*** DATA SECTION ***
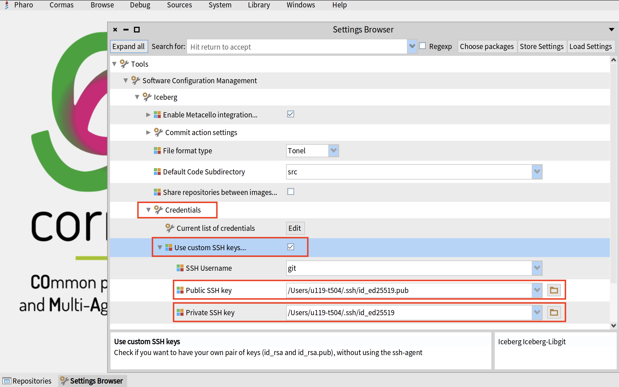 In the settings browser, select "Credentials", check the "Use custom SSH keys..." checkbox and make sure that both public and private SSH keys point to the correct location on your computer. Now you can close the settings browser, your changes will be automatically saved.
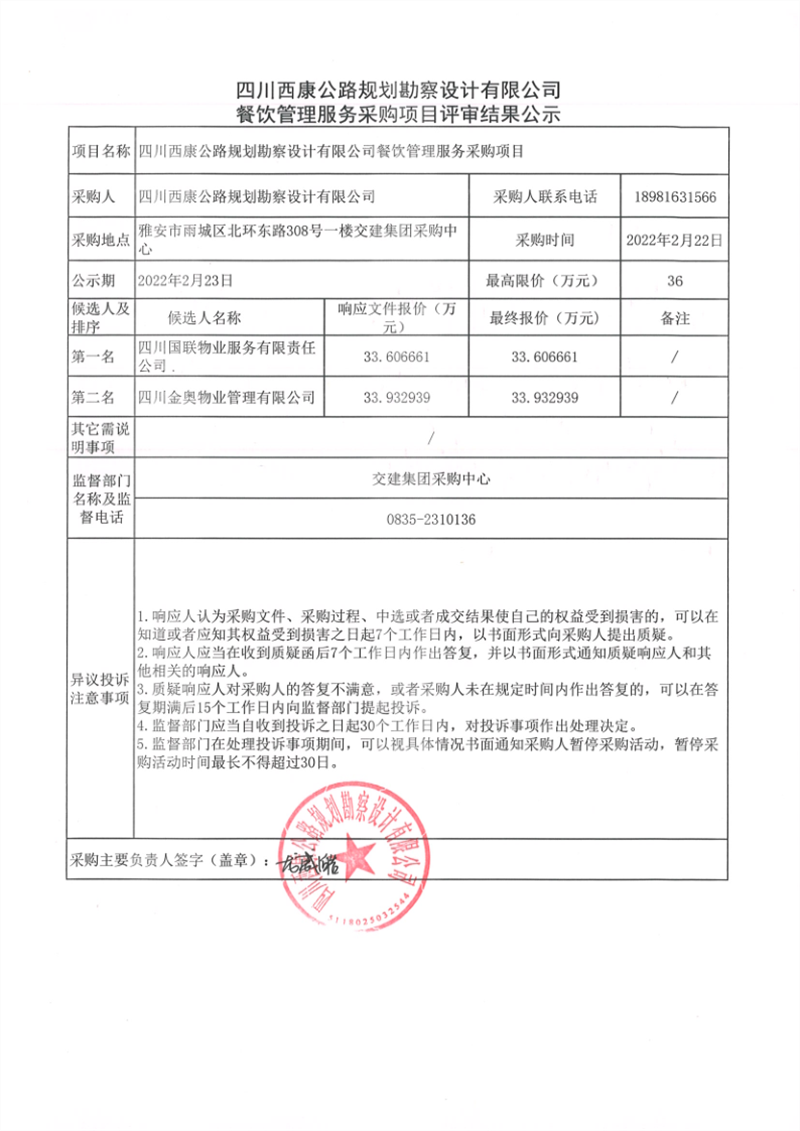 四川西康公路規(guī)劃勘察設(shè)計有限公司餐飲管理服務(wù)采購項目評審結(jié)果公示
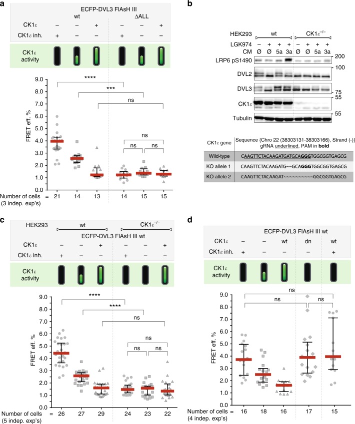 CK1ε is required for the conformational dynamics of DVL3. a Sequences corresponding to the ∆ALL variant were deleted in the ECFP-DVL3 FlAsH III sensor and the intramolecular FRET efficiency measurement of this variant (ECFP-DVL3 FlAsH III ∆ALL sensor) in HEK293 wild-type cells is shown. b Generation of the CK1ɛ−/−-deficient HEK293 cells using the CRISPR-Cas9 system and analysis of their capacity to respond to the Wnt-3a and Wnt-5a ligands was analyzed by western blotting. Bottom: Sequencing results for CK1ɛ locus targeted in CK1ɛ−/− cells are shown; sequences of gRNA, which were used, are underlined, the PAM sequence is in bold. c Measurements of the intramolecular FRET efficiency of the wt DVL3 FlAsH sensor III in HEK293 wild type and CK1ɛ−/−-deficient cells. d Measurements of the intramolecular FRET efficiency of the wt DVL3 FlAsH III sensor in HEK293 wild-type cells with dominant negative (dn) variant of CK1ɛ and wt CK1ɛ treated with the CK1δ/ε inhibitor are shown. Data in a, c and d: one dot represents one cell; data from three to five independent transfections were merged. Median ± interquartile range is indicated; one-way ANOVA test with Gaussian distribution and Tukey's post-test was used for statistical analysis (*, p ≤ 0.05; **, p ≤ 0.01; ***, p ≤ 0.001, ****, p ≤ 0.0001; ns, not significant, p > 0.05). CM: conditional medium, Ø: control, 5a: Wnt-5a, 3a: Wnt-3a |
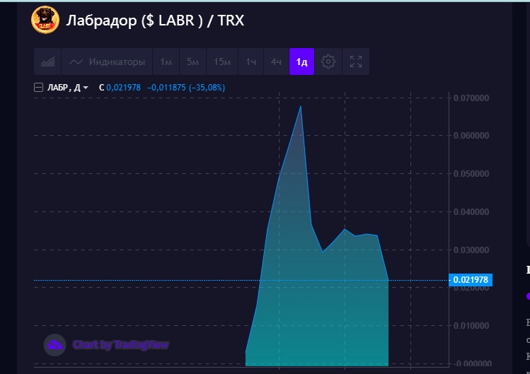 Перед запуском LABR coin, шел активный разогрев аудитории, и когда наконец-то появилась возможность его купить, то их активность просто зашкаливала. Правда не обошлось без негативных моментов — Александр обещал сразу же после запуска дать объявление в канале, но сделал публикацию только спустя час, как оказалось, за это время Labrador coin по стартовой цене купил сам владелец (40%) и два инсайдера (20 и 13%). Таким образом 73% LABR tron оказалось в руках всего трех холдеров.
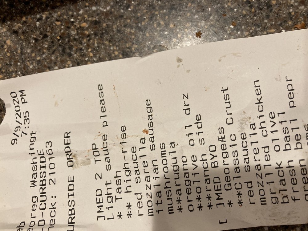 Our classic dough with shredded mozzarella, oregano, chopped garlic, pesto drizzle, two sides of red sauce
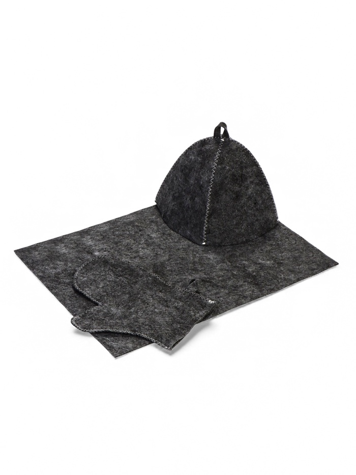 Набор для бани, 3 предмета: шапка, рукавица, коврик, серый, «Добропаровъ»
*** End of DATA SECTION ***
*** DATA SECTION ***
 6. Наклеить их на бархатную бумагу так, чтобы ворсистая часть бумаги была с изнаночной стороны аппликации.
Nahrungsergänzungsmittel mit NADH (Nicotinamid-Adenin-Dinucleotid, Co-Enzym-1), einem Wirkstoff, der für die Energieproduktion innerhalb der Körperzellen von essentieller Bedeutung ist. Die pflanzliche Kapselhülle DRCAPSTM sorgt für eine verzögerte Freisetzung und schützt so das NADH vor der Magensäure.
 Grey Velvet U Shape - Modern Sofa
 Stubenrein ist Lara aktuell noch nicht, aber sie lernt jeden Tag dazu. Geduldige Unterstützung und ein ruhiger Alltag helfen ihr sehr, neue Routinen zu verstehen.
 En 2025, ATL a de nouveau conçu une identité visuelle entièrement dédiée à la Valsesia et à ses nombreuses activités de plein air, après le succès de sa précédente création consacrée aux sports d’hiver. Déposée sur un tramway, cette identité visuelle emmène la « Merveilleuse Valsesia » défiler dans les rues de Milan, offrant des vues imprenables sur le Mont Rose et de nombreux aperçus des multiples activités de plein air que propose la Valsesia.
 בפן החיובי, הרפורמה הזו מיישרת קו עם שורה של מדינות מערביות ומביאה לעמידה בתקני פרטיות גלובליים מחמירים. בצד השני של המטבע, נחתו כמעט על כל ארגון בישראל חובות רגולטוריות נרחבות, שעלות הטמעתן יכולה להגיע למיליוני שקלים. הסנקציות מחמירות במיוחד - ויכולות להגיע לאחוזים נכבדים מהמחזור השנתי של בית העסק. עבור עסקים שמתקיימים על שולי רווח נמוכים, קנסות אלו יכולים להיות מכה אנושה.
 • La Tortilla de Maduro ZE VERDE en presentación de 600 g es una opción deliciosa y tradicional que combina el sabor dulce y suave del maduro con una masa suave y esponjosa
*** End of DATA SECTION ***
▸ AIM OF THE EXERCISE: Leaving all pictures out, output exactly the lines of the material above from the line with "In the settings" to the line with "四川西康公路規(guī)劃勘", both included.

▸ RESPONSE AREA:
 In the settings browser, select "Credentials", check the "Use custom SSH keys..." checkbox and make sure that both public and private SSH keys point to the correct location on your computer. Now you can close the settings browser, your changes will be automatically saved.
 四川西康公路規(guī)劃勘察設(shè)計有限公司餐飲管理服務(wù)采購項目評審結(jié)果公示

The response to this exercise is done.